# Exploring Hacker News posts

Hacker News is a site started by the startup incubator Y Combinator, where user-submitted stories (known as "posts") are voted and commented upon, similar to reddit. 

Hacker News is extremely popular in technology and startup circles, and posts that make it to the top of Hacker News' listings can get hundreds of thousands of visitors as a result.

In [1]:
from csv import reader

opened_file = open('HN_posts_year_to_Sep_26_2016.csv')
readed_list = list(reader(opened_file))
hn_data_header = readed_list[0]
hn_data = readed_list[1:]

print('Header:')
print(hn_data_header,'\n')
print('Data:')
for row in hn_data[0:5]:
    print(row)
print('...','\n')
print('Total:')
print(len(hn_data))

Header:
['id', 'title', 'url', 'num_points', 'num_comments', 'author', 'created_at'] 

Data:
['12579008', 'You have two days to comment if you want stem cells to be classified as your own', 'http://www.regulations.gov/document?D=FDA-2015-D-3719-0018', '1', '0', 'altstar', '9/26/2016 3:26']
['12579005', 'SQLAR  the SQLite Archiver', 'https://www.sqlite.org/sqlar/doc/trunk/README.md', '1', '0', 'blacksqr', '9/26/2016 3:24']
['12578997', 'What if we just printed a flatscreen television on the side of our boxes?', 'https://medium.com/vanmoof/our-secrets-out-f21c1f03fdc8#.ietxmez43', '1', '0', 'pavel_lishin', '9/26/2016 3:19']
['12578989', 'algorithmic music', 'http://cacm.acm.org/magazines/2011/7/109891-algorithmic-composition/fulltext', '1', '0', 'poindontcare', '9/26/2016 3:16']
['12578979', 'How the Data Vault Enables the Next-Gen Data Warehouse and Data Lake', 'https://www.talend.com/blog/2016/05/12/talend-and-Â\x93the-data-vaultÂ\x94', '1', '0', 'markgainor1', '9/26/2016 3:14']
... 



#### Columns descriptions

| Index | Label       | Description                                        |
|:-----:|:-----------:|:---------------------------------------------------|
|0      |id           |The unique identifier from Hacker News for the post |
|1      |title        |The title of the post
|2      |url          |The URL that the posts links to, if it the post has a URL
|3      |num_points   |The number of points the post acquired, calculated as the total number of upvotes minus the total number of downvotes
|4      |num_comments |The number of comments that were made on the post
|5      |author       |The username of the person who submitted the post
|6      |created_at   |The date and time at which the post was submitted

#### Filtering data
Now that we've removed the headers from hn, we're ready to filter our data.
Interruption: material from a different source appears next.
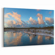 Embrace the serene beauty of winter with this stunning winter marshland wall art. Capturing a frosty landscape with delicate reflections on icy waters, this artwork showcases the peaceful stillness of a winter marsh. The scene is brought to life with soft hues of blue, white, and peach, as fluffy clouds drift across the sky. The intricate details of the frozen water and snow-covered ground provide a tranquil and calming atmosphere, making it a perfect addition to any space.
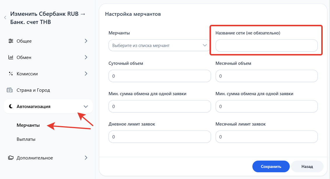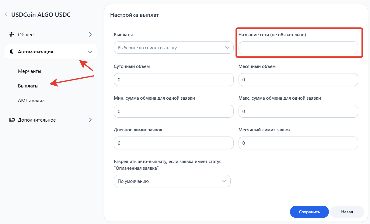 Откройте раздел "Автоматизация — Выплаты" и пропишите в поле "Название сети (не обязательно)" значение для определения сети к которому относится настраиваемая валюта. (Например: usdt-tron, usdttrc ...)

Since we're only concerned with post titles beginning with Ask HN or Show HN, we'll create new lists of lists containing just the data for those titles.

In [2]:
ASK_HN = 'ask hn'
SHOW_HN = 'show hn'

ask_posts = []
show_posts = []
other_posts = []

for row in hn_data:
    
    title = str(row[1]).lower()
    
    if (title.startswith(ASK_HN)):
        ask_posts.append(row)
    elif (title.startswith(SHOW_HN)):
        show_posts.append(row)
    else:
        other_posts.append(row)
        
print('Ask posts:', len(ask_posts))
print('Show posts:', len(show_posts))
print('Other posts:', len(other_posts))

Ask posts: 9139
Show posts: 10158
Other posts: 273822


Next, let's determine if ask posts or show posts receive more comments on average.

In [3]:
total_ask_comments = 0
for row in ask_posts:
    total_ask_comments += int(row[4])
avg_ask_comments = total_ask_comments/len(ask_posts)
print ('Average num comments in Ask posts:', avg_ask_comments)

total_show_comments = 0
for row in show_posts:
    total_show_comments += int(row[4])
avg_show_comments = total_show_comments/len(show_posts)
print ('Average num comments in Show posts:', avg_show_comments)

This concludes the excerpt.